Exercise brief - Your task is to write out the entire listing exactly, omitting its pictures.

Exercise data -

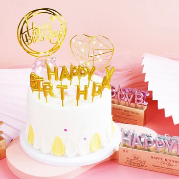 Qirinj shumëngjyrësh për tortën me shkrim ' Happy Birthday'
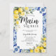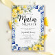 Main Squeeze lemon bridal shower invitation with blue tile design, citrus lemons, and floral details. Ideal for lemon themed bridal shower ideas, lemon and blue bridal shower theme, and Italian bridal shower celebrations.
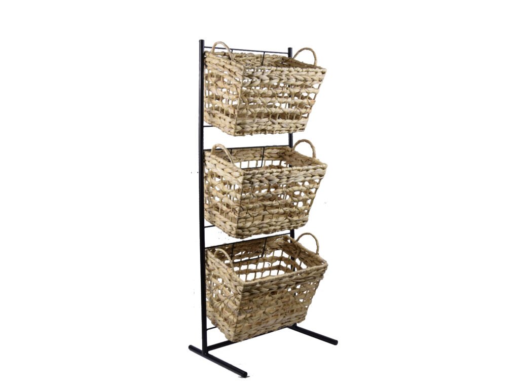 Stojan s košíky, 3 patra, kov/tráva, natur/černá, 39x105x42cm, ks|Ego dekor
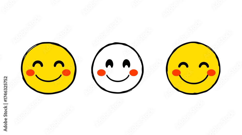 Quadro su tela Three cartoon smiley faces, two yellow and one white, all with rosy cheeks and happy expressions, lined up on a white background

The answer -
 Qirinj shumëngjyrësh për tortën me shkrim ' Happy Birthday'
 Main Squeeze lemon bridal shower invitation with blue tile design, citrus lemons, and floral details. Ideal for lemon themed bridal shower ideas, lemon and blue bridal shower theme, and Italian bridal shower celebrations.
 Stojan s košíky, 3 patra, kov/tráva, natur/černá, 39x105x42cm, ks|Ego dekor
 Quadro su tela Three cartoon smiley faces, two yellow and one white, all with rosy cheeks and happy expressions, lined up on a white background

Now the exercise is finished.